Trump y Hillary, entre lo malo y lo peor

En todo el mundo se están haciendo los análisis más dispares sobre el
significado de la victoria de Donald Trump en las elecciones
presidenciales de Estados Unidos, con los más diversos titulares.
El más significativo para mí ha sido el del senador chileno Alejandro
Navarro: «El triunfo de Donald Trump es un castigo a los gobiernos del establishment ».

Trump y Hillary, entre lo malo y lo peor
El senador hace una crítica más general, válida también para nosotros:
que los gobiernos progresistas que llegan al poder acaban, por presión
de la macroeconomía globalizada, haciendo políticas claramente
neoliberales en perjuicio de las clases más vulnerables.
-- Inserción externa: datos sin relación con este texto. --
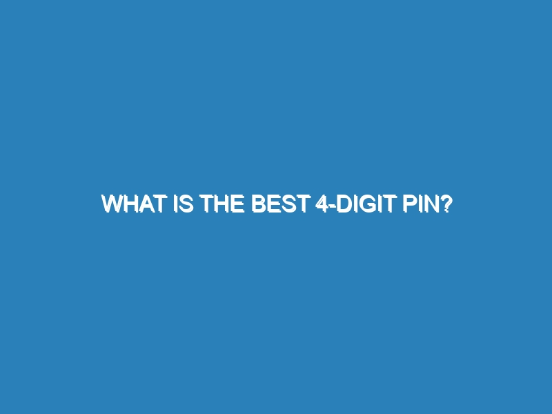 What is the best 4-digit PIN? Choosing the best 4-digit PIN involves balancing security and memorability. Avoid common sequences like

Encuentro justa la interpretación de Navarro: «el castigo a los gobiernos del establishment
reside en que la gente se cansó de entregarle el poder a quien solo
ofrece más de lo mismo. Los electores optaron por Donald Trump, que si
bien representa lo peor de la cultura yankee, también supo
representar el hastío de los sectores precarizados por el
neoliberalismo, la globalización y los empleos precarios» (www.navarro.cl/sename ). Fueron estos los que votaron mayoritariamente por él y le ayudaron a conseguir la victoria.
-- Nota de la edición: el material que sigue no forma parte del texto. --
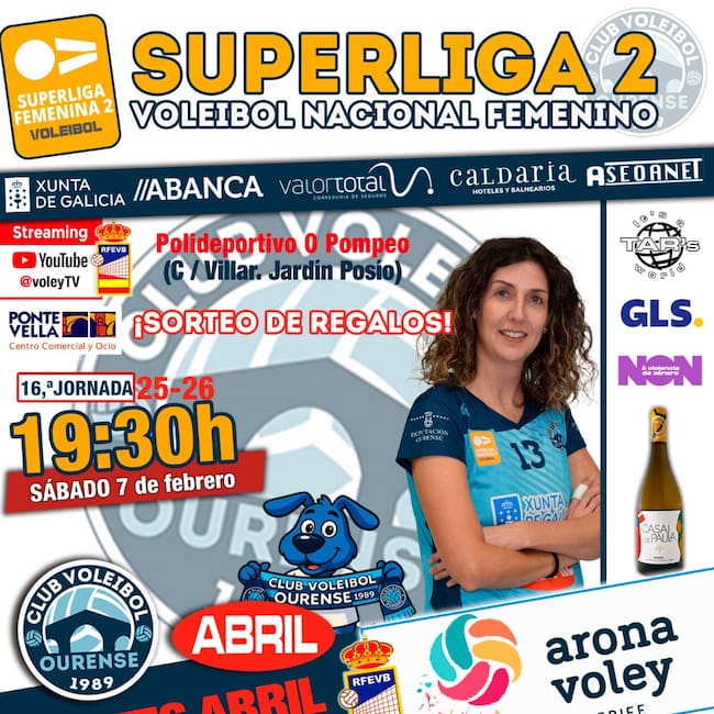 El Aceites Abril Voleyourense afronta este fin de semana una nueva jornada de la Superliga 2 Femenina, en la que recibirá en el Polideportivo O Pompeo a Arona, rival exigente y de alto ritmo competitivo.

Afirma también el senador algo que pocos creen: «no debemos olvidar que
en Estados Unidos, supuestamente el país más rico, poderoso e influyente
del planeta, viven 45 millones de personas en situación de pobreza o
cerca de ella, que comen diariamente gracias al ticket de alimentación
que el gobierno entrega a los trabajadores blancos y a los hijos de
inmigrantes que tienden a rechazar la llegada de nuevos inmigrantes por
considerar que su posición privilegiada está en riesgo».

Si Trump representa lo peor, lo malo lo revela Hillary. No son pocos los
analistas dentro de Estados Unidos que llamaban la atención para el
riesgo que suponía la elección de Hillary Clinton como presidenta. Cito
entre otros a uno, Jeffrey Sachs, considerado uno de los mayores
especialistas mundiales en la relación entre economía, pobreza y
desigualdad social. Es profesor de la Universidad de Columbia y publicó
un artículo que reproduje en mi blog del 8/02/2016. En él enumera los
muchos desastres de la política de Hillary cuando era Secretaria de
Estado.

Se titula: Hillary is the Candidate of the War Machine, Hillary
es la candidata de la máquina de guerra. La primera frase resume un
largo razonamiento: «No hay duda de que Hillary es la candidata Wall
Street. Más peligroso aún es que ella es la candidata del complejo
militar-industrial; apoyó todas las guerras solicitadas por el estado de
seguridad estadounidense, dirigido por los militares y la CIA».

Aunque demócrata, ella es, según Sachs, una ferviente neocon. Incentivó
las guerras contra Irak, todas las del norte de África y contra Siria.
Encontró hilarante declarar sobre Kadafi: We came, we saw, he died
(vinimos, vimos y él murió). Siendo todavía Secretaria de Estado
intentó reiniciar la Guerra Fría con Rusia, a propósito de la conquista
de Crimea y de la guerra en Ucrania. El balance final que hace Sachs de
las acciones torpes de Hillary como Secretaria de Estado es devastador:
«desde cualquier punto de vista que consideremos, ella batió el record
de los desastres» (www.JeffDSachs.com ).

Todo esto no nos sorprende, como demuestra con un análisis detallado Moniz Bandeira en su reciente libro de denuncia: El desorden mundial: el espectro de la dominación total
(Leya 2016), donde estudia la violencia del imperio estadounidense.
Obama, a excepción de las relaciones con Cuba, continuó con la misma
lógica belicista de Bush. Fue aún peor, diría por ejemplo, un verdadero
criminal de guerra, pues por estricta orden personal suya mandó atacar
con drones y aviones no tripulados a los líderes árabes, acabando con la
mayoría de ellos (p.476-477).

Con la victoria de Trump, cuyo enigma todavía hay que descifrar, nos
liberamos de un liderazgo belicoso, el de Hillary, que como política de
estado había elegido la violencia militar como forma de resolver los
problemas sociales mundiales.

No sabemos qué mundo tendremos de aquí en adelante con la presidencia de
Trump. Ojalá sea menos belicoso y desdiga en la práctica las medidas
duras prometidas contra inmigrantes, mejicanos y musulmanes.